**Work to be completed**
From the listing below, reproduce exactly the lines starting with the one with "Deze stijlvolle blazer" and going on through the one with "Chris and I", both ends kept. No picture is copied.

Start of Supplied entries

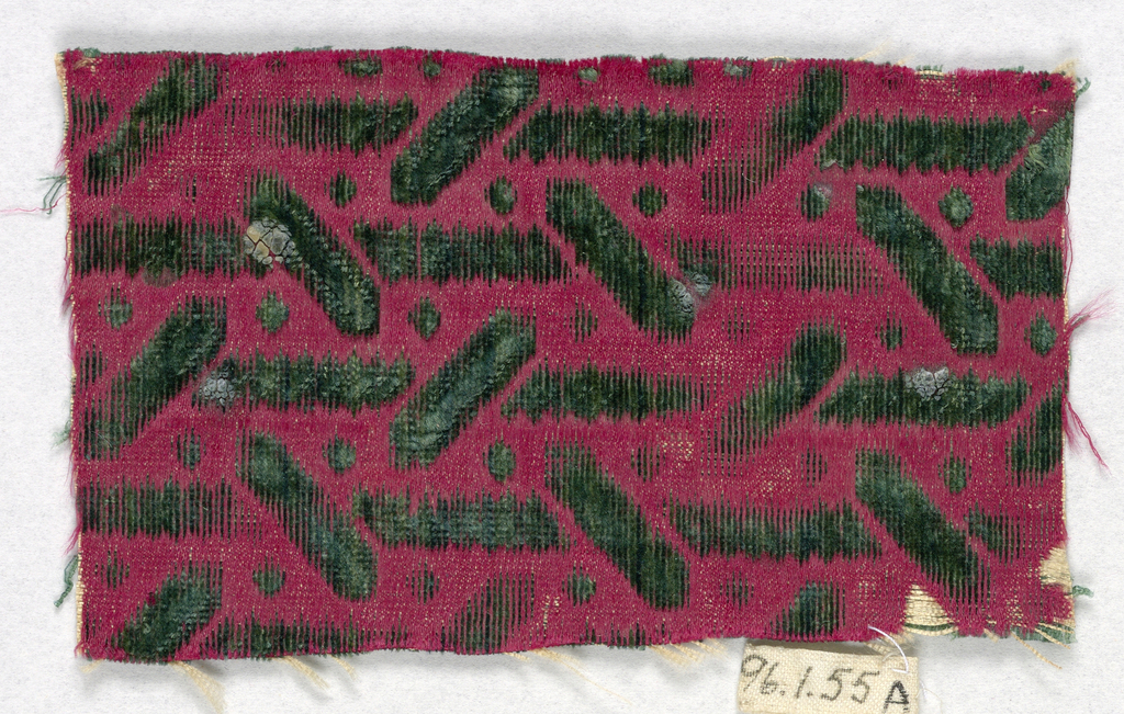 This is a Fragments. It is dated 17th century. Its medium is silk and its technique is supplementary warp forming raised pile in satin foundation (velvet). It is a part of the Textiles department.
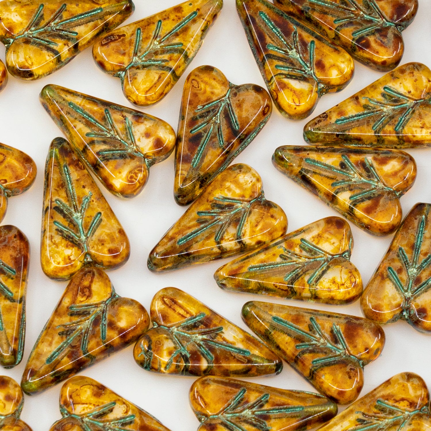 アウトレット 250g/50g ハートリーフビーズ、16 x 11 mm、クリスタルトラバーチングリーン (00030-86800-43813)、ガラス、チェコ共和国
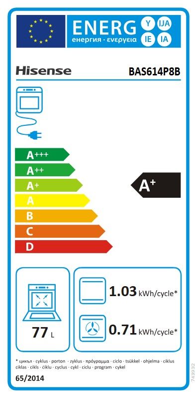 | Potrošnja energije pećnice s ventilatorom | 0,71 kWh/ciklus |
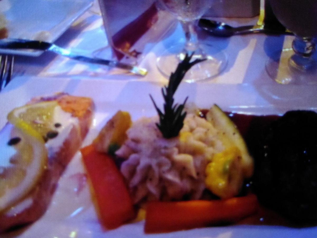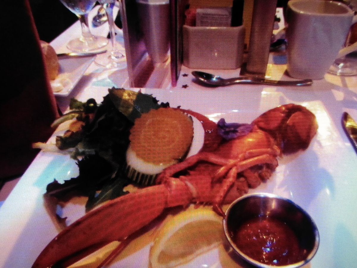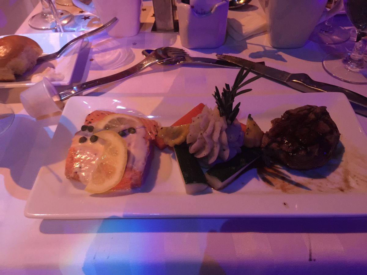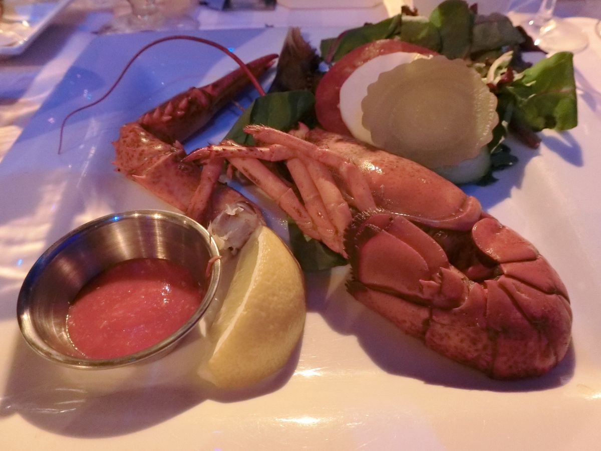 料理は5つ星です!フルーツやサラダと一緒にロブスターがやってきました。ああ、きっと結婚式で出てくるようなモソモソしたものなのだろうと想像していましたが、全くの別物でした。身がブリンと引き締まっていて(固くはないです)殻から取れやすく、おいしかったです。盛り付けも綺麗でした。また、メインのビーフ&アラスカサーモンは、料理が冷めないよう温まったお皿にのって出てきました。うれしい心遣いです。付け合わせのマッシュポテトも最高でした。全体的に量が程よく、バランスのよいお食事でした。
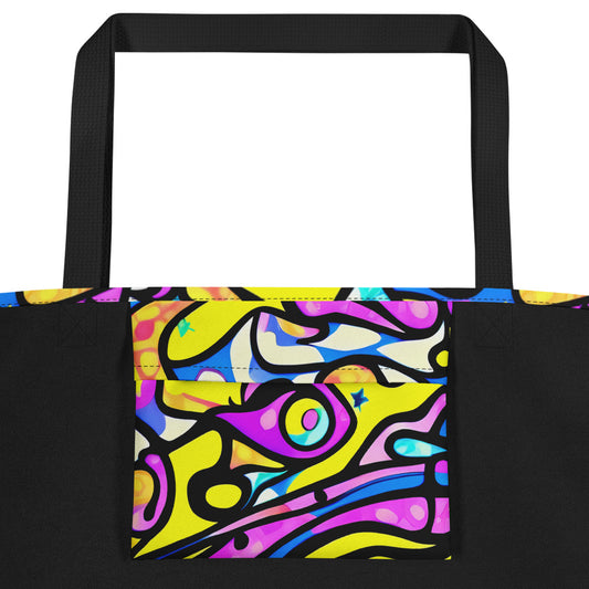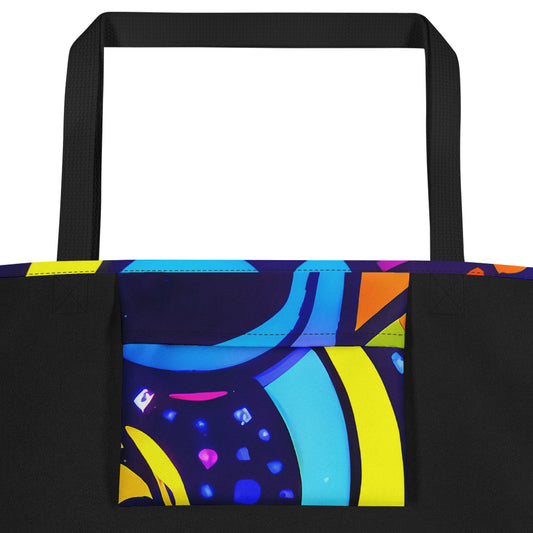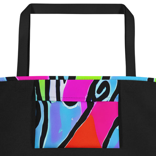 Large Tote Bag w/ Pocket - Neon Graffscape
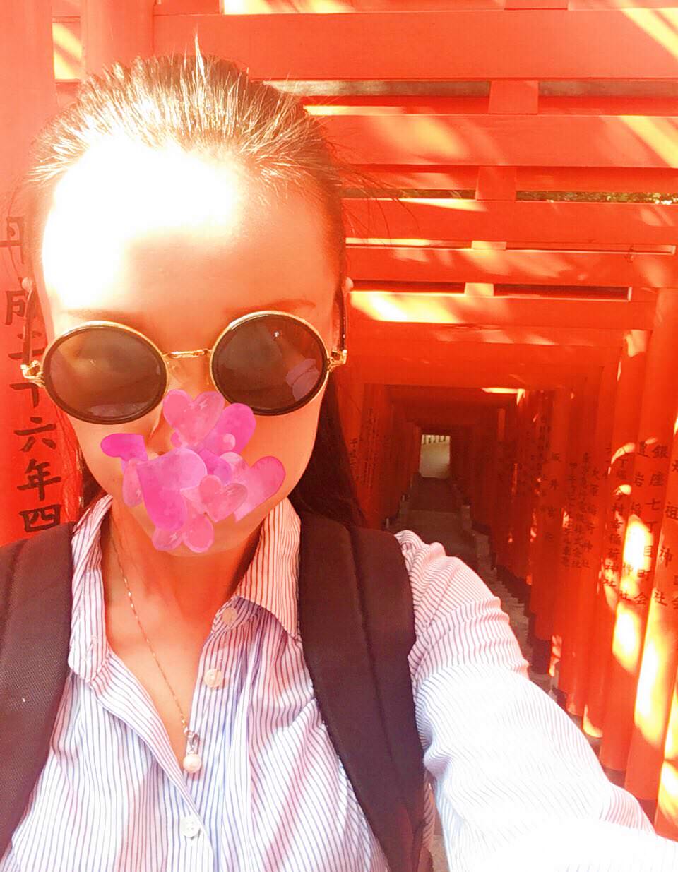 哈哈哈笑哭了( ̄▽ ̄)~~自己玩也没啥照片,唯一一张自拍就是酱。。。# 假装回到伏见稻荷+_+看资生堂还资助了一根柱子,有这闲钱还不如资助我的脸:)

End of Supplied entries
Start of Supplied entries

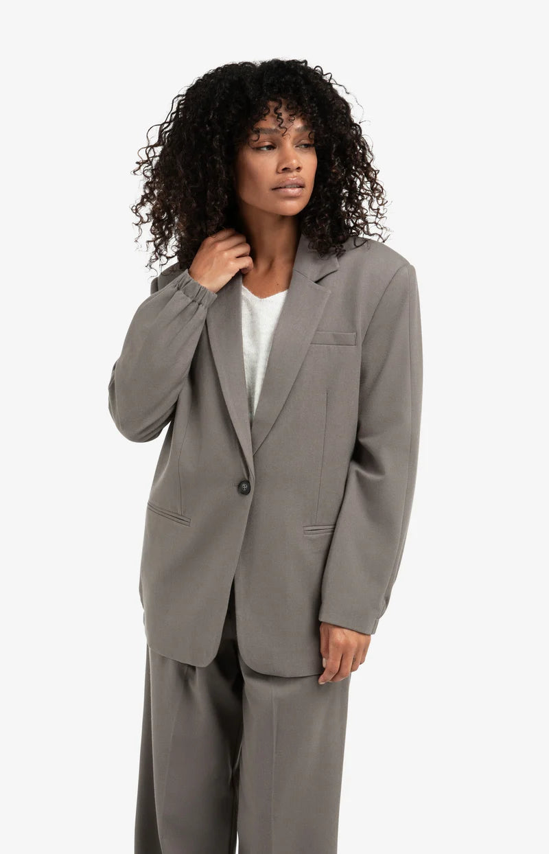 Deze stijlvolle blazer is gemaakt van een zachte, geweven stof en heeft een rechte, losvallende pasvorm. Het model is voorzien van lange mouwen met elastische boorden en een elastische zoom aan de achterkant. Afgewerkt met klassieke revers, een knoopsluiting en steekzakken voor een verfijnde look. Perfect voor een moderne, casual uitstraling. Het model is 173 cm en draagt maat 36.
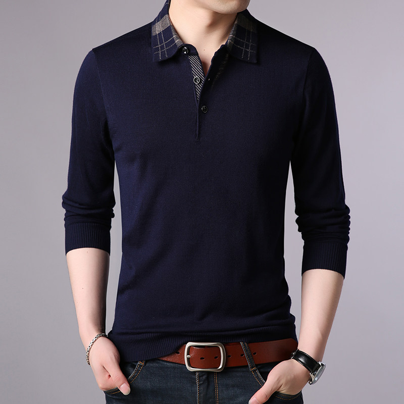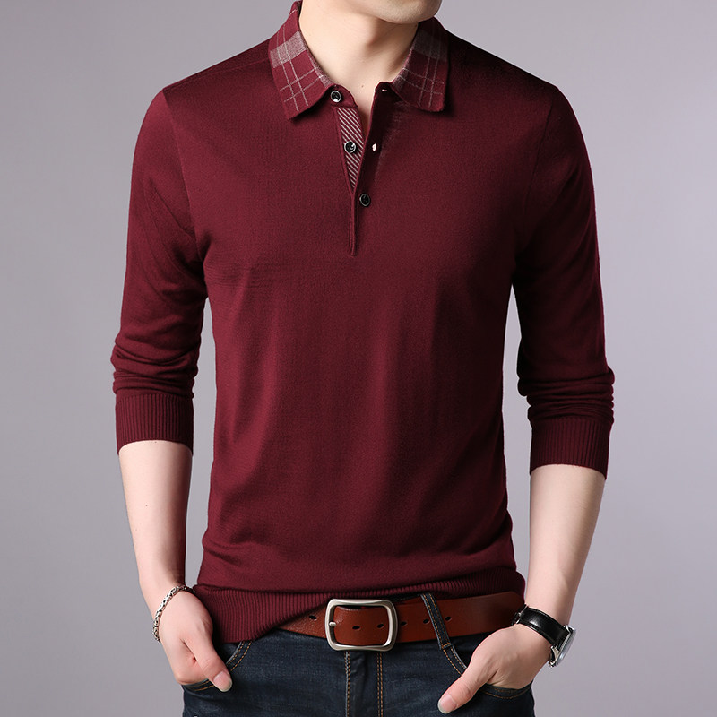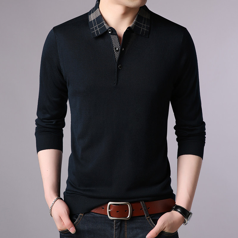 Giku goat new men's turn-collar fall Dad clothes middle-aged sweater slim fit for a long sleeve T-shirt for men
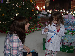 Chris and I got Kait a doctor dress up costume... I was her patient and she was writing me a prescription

End of Supplied entries

**Problem solution**
 Deze stijlvolle blazer is gemaakt van een zachte, geweven stof en heeft een rechte, losvallende pasvorm. Het model is voorzien van lange mouwen met elastische boorden en een elastische zoom aan de achterkant. Afgewerkt met klassieke revers, een knoopsluiting en steekzakken voor een verfijnde look. Perfect voor een moderne, casual uitstraling. Het model is 173 cm en draagt maat 36.
 Giku goat new men's turn-collar fall Dad clothes middle-aged sweater slim fit for a long sleeve T-shirt for men
 Chris and I got Kait a doctor dress up costume... I was her patient and she was writing me a prescription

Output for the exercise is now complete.